Why? As Klosi explains, “The [4%] rate was determined by financial planning practitioners as early as 1994.” Further, “It was based on models [that] relied on historical returns to determine the performance of a balanced portfolio with 60% exposure to equities and 40% exposure to debt.”
And those historical returns are relatively high: 9% to 10%, on average, for Canadian equities, and 6% to 7% for Canadian bonds. On a 10-year basis, however, returns are considerably lower, at 5% to 6% for Canadian equities, and 2% to 3% for Canadian bonds, says Klosi.
Given this discrepancy, her firm has revised its long-term return expectations for balanced portfolios. “The main reason why […] is that, during the past nine years, the downward sloping trend for rates has resulted in increased valuations for fixed income,” she says, adding that the forecasted return for long-term Canadian bond yields is now 2.5%.
So, Klosi adds, “Even though [withdrawal rates] are expected to increase in the long run, the forecasted expected rates should not be higher than 2.8% to 3%, which is still lower than the historical [withdrawal] target of 4%.”
For equities, “lower growth rates and demographics in developed markets have resulted in lower expected returns for equities in general and, therefore, lower expected returns for balanced portfolios,” she says.
Along with expected returns, a client’s risk profile affects his withdrawal rate.
For a client with a medium-risk profile, who is willing to accept a 10% probability of their portfolio having no residual value, the recommended withdrawal rate is between 3.5% and 3.75%, finds Klosi.
In the research paper, Klosi cites a 2015 survey from Financial Advisor magazine that finds 55% of respondents (ages 50 to 65) want a 0% risk of outliving their retirement savings.
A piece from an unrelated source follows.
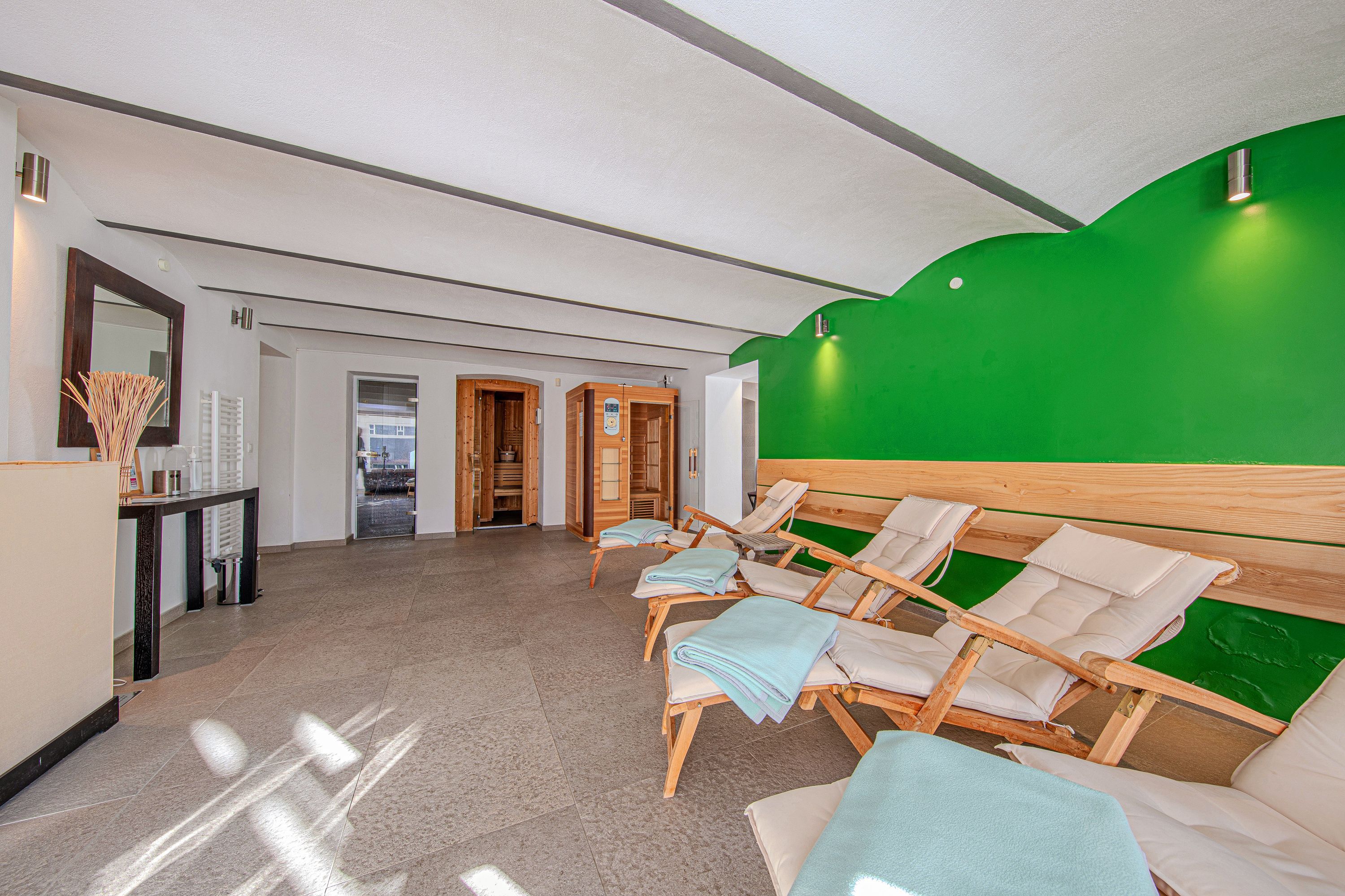 Neben Ihrem reservierten PKW - Stellplatz steht Ihnen im Erdgeschoss des Hauses ein großer und kostenfrei nutzbarer Wellnesbereich zur Verfügung. Neben einer Sauna, einem Dampfbad und einer Wärmekabine, steht hier auch ein Ruheraum mit einigen Liegen zur Verfügung. Zusätzlich dazu ist im angelegten Außenbereich des Hauses saisonal (in den Sommermonaten) ein großer Pool kostenfrei nutzbar.

For a client with a medium-risk profile to achieve that outcome, “the withdrawal rate is substantially lower,” says Klosi — between 2.25% and 2.75%.
Overall, depending on a client’s risk appetite, Klosi says recommended withdrawal rates vary between 2.5% and 4%.
“Investors who are willing to take on additional risk can increase their target withdrawal rates,” she says. Of course, those investors would also have to accept a greater failure probability, of above 10%. Such clients could also be few and far between, considering retirees’ primary fear is outliving their money, as revealed by the survey.